The context is a single page webapp with a section that allows users to vote on content. The votable content is loaded via ajax.

The webapp itself implements the back button using the HTML5 history api. But since it is preferable to not have people vote multiple times on the same item, the back functionality is not implemented for the content voting part. To explain better, clicking the back button while on a voting page will not take the user back to the previous votable content, but rather to whatever other page (like contact/submit/profile/etc.) the user was on before coming to the voting part.

Does this seem reasonable? Is there a better way of going about this?

Edit: clarification with example flow.

Suppose the user views the webapp's pages in the following sequence: Home > About > Contact us > Voting page (item 1) > Voting page (item 2) > Voting page (item 3)

Now when the user clicks on Back while they're on Voting page (item 3) will take the user back to the Contact us page, and not to Voting page (item 2).

My dilemma is that whether the back button should take back to the last votable item (Voting page (item 2)), or to the last item before the user got on to the voting screen (Contact us).

  • 3
    A general tip that I have learnt throughout the years is that as soon as you change standards that people are really used to (like having the back button going back to previous page) leads to lots of user experience issues. What if the user, for example, accidentally ends up on the voting page and wants to return to the previous page? It sounds like you should have something on the voting page that detects if the user has voted before, instead of turning off the back button... May 16, 2018 at 7:45
  • Hi Henrik, actually that is what it does presently - clicking back will take the user to the previous "page" (e.g. about/contact/profile/etc.) but NOT to the previous voting item. So it is exactly as you say: if someone lands on the voting page by mistake, they can just click back. But one cannot click back to the previous voting item.. Is this still suboptimal?
    – ahron
    May 16, 2018 at 17:01
  • @HenrikEkblom Just edited the question with a sample flow for sake of clarity.
    – ahron
    May 16, 2018 at 17:11
  • How can you change your mind and modify a vote? I assume this is not supported May 16, 2018 at 17:31
  • Of course not. So, in case it is designed such that the back button takes back to the previous votable item, the voting buttons would have to be deactivated via javascript. My dilemma is that whether the back button should take back to the last votable item, or to the last item before the user got on to the voting screen. What do you think?
    – ahron
    May 17, 2018 at 2:53

4 Answers 4


What you ask about is a really great question.

My guess would be to take the user back to the thing they were on before they started the voting process.

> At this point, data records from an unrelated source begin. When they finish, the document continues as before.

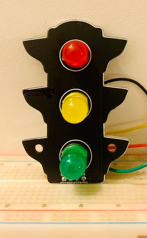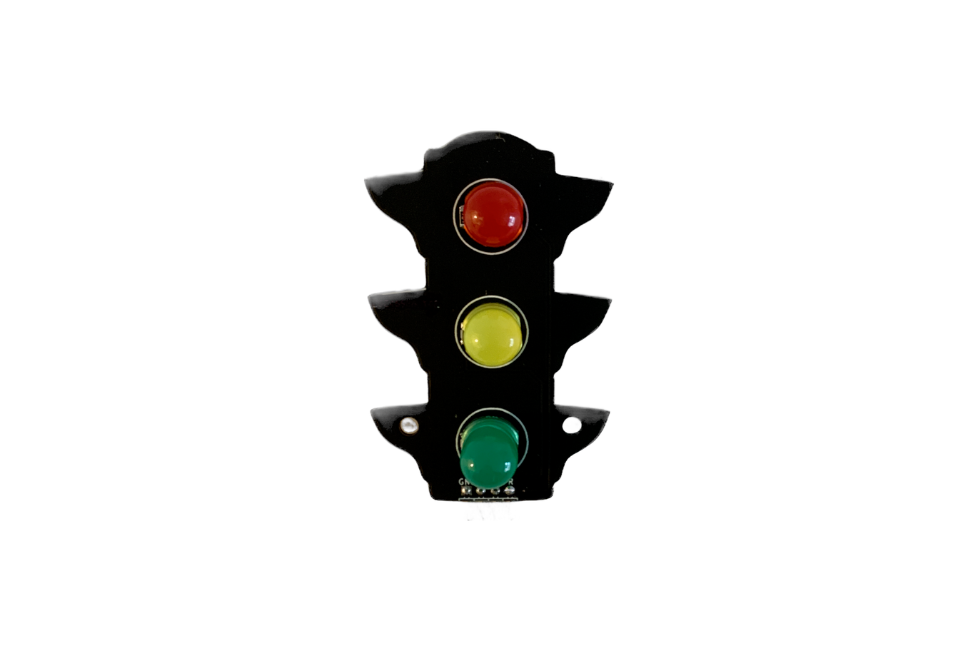 Traffic light shaped printed circuit board module. Great for Arduino, micro:bit, Raspberry Pi, and other development boards.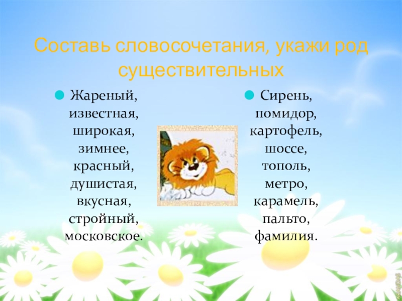 Составь словосочетания, укажи род существительныхЖареный, известная,  широкая,    зимнее,    красный,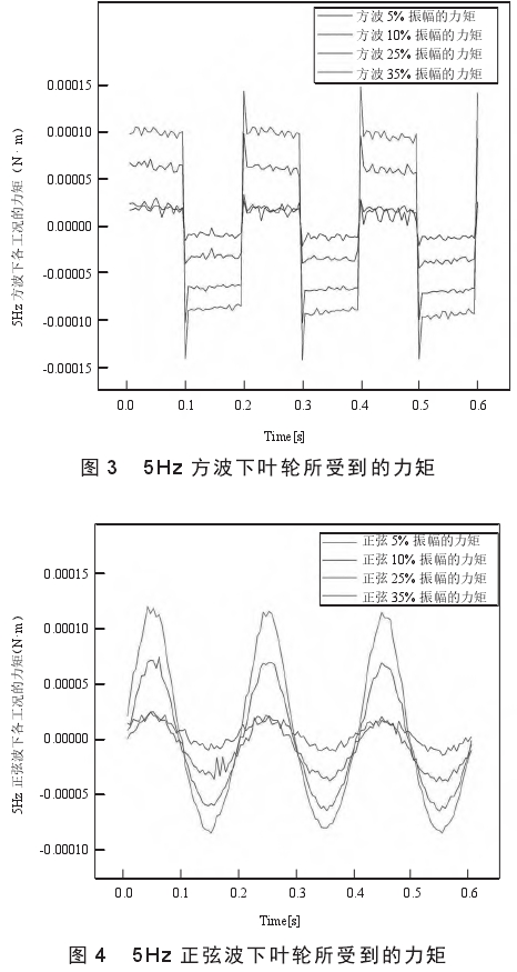 圖3~圖4分(fèn)别是5Hz時(shi)方波、正(zheng)弦波脈(mo)動流下(xià)葉輪,所(suo)受力矩(jǔ)🛀。除了流(liú)量突變(biàn)點外,葉(ye)輪所受(shòu)力矩與(yu)流量波(bō)形近似(si)。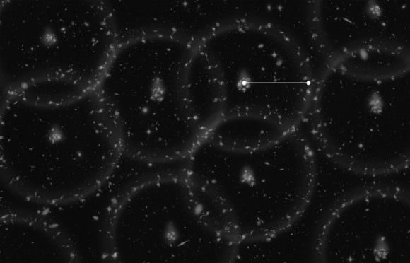 An illustration of baryon acoustic oscillations, which are imprinted in the early universe and can still be seen today in galaxy surveys like BOSS. Credit: Chris Blake and Sam Moorfield

The only real way to know is to perform a quick usability test.

Alternatively, you could try providing two links and let the users decide.

  1. “Back to ______” <—- where they were before the voting process
  2. “Go to Home”

Or even, if it’s of interest and available:

“See a list of all things you’ve voted on”


You could use a Progress Tracker for the voting page. This way, the user wouldn't feel like each vote is on a different page, and the back button could still have the current behaviour. Also, you could show the user what items he already voted for.


You should consider integrating databases in your application to capture the fact that the user has voted. The database record will initially say that this user has not yet voted. Then they vote and it should check that they have not voted yet. Once you know the user has voted and you store this information in a database table, they are always allowed to go back to the previous page but if they try to vote again your application should be smart enough to check the database first and see that they have already voted and tell them this fact.

Writing good software is as much about checking things first and designing the software correctly as anything else.

  1. Bad UX. Sending users to any page other than previously displayed is a bad UX.

  2. Not a solution. Suppose you display something different on the "history back". This will not prevent users from voting many times. If smb. wants to, he will to to the beginning of the voting via "Home > About > Contact us" and will vote again, as man time as he wants. Manipulating the history does not prevent from multiple voting.

  3. Semi solution. Use Cookies to indicate if this user has voted. Many users are not aware of the web basics, they don't clean up cookies for days. Such users will not search for a particular cookie to delete it and to vote again. Such approach does not prevent a little more experienced users from cleaning up cookies and voting again. But still it is better than manipulating the history.

  4. Reliable solution. Allow voting only for users that are logged in. On your server store the indicator if the particular user has voted. Some users may have more than a single account. But creating each account (and first creating a new email account at some email provider) consumes normally much time and can hardly be automated. So you can consider the amount of users with multiple accounts as very small and not important.